Pouting, Painting and Pondering

This week I am in the studio doing small works on paper.  I needed a break from my larger work after my husband left a door open on my studio allowing a gust of wind to turn the painting I blogged about last week into a sail which resulted in a large rip in the canvas.  I could try and repair the rip and continue, but the painting wasn't really working anyway.  I just don't feel like investing the time into something that is already damaged.

I was disappointed. Yes.  I did take most of the day to pout, bitch and complain.  I behaved horribly, which I felt obligated to do. (wink)  Sometimes...ya just gotta stomp your feet and get it all out!

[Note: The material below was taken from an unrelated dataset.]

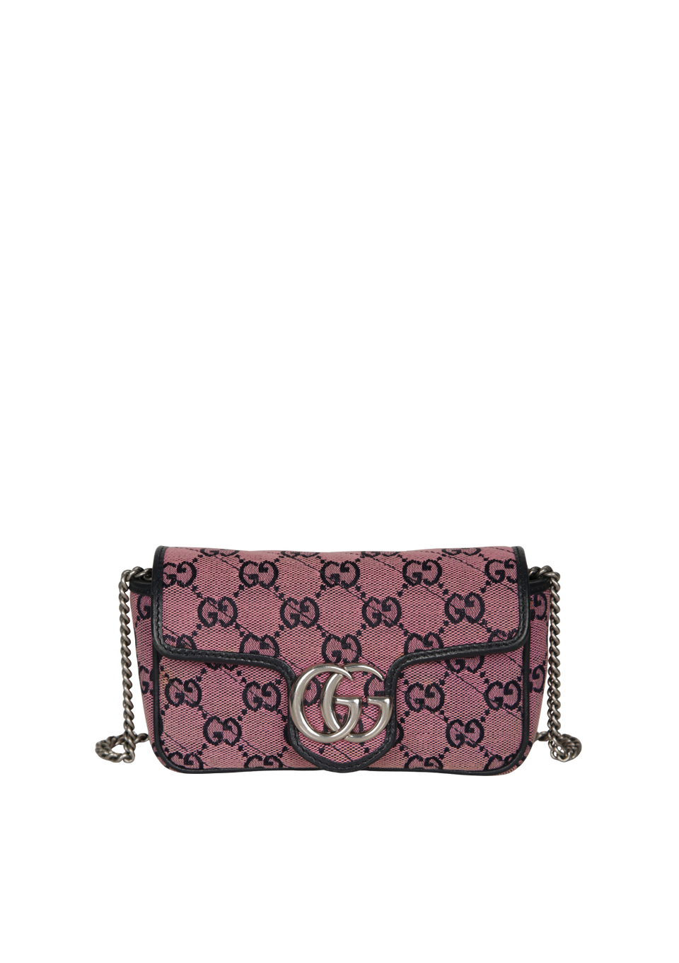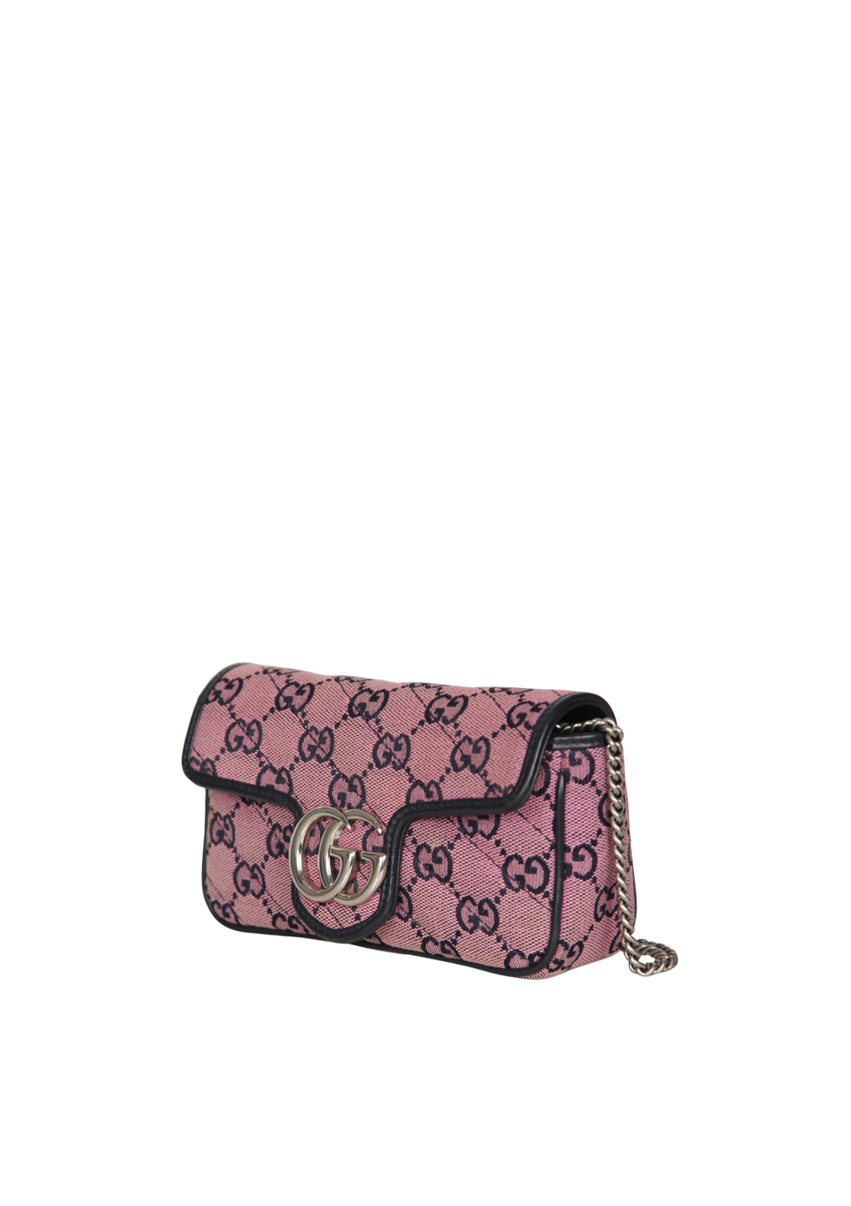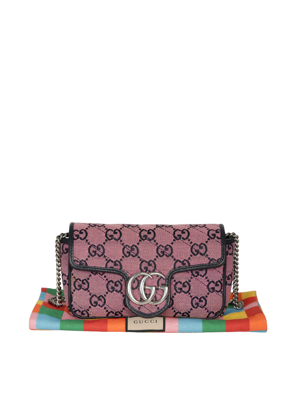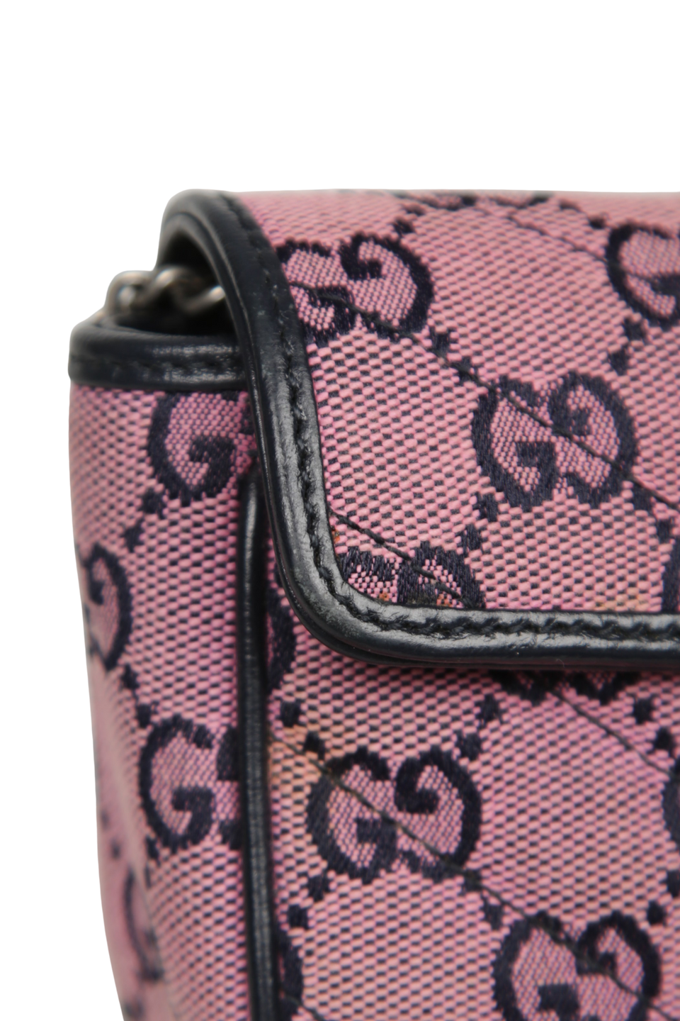 Descrição do Material: Canvas GG rosa com detalhes em couro calfskin azul

Perhaps he did me a favor.  The event forced me to change course and start on something fresh and new.  My other studio work can wait for a little bit while I explore this avenue.  I am having fun with it.  I showed this one painting to my friends on Facebook yesterday and I have gotten nice feedback.

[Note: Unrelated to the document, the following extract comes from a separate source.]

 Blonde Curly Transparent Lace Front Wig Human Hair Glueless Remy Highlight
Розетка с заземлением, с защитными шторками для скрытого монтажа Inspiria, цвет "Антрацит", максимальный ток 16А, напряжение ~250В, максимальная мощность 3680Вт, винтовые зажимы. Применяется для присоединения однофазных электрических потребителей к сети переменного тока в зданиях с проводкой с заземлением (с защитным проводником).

Gouache and pencil on paper. 6 inch X 6 inch. 

My husband called it whimsical.  Another friend called it bubbly delicious!  I haven't called it anything yet. Which is kinda strange because I usually name every last thing I paint.  Anybody out there care to help a girl out?!  Wanna take a stab at a name?  Who knows....perhaps I will use it.

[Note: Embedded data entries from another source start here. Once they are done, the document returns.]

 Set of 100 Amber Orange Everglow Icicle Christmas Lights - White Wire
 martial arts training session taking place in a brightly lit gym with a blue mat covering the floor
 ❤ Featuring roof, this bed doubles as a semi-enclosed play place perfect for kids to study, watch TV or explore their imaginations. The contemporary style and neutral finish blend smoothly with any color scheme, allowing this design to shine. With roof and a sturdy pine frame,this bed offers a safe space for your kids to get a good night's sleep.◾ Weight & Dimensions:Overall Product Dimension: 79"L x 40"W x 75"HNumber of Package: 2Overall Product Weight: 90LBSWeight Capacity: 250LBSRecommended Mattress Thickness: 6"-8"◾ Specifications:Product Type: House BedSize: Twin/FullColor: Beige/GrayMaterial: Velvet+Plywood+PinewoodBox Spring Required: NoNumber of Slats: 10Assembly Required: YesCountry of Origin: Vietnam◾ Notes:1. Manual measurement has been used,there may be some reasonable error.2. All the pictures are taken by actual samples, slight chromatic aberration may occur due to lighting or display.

So, I could have remained stuck in that rip-in-my-canvas moment.  I could have used it as an excuse to impede the momentum that I am attempting to build in my studio work.  To many...including my critical self, that would have been understandable...even justified.

But why?  What was I to gain from remaining in that negative place? What benefit or growth can be achieve if we allow ourselves to be tied down?  There might have been something to gain in that place. I think there is something to learn from in every circumstance.  But I chose to let it go and move on. I chose to untie from that entrapment and explore what a new freedom might offer.

In order to feel good about not languishing in that place, I had to completely switch it up and work in a different manner. My husband knew what was good for him, so he helped me rearrange and clean up my studio space over the weekend. I set up the tables in a different configuration that is more conducive to working on a paper. It's amazing what a little clean up and switch up can do for perspective!  Fresh path.

Who knows to what this path might lead. I think it is worth traveling.  I think that this matters.  I think letting go of what ties us down matters.  It allows us to move on...


“You will find that it is necessary to let things go; simply for the reason that they are heavy. So let them go, let go of them. I tie no weights to my ankles.”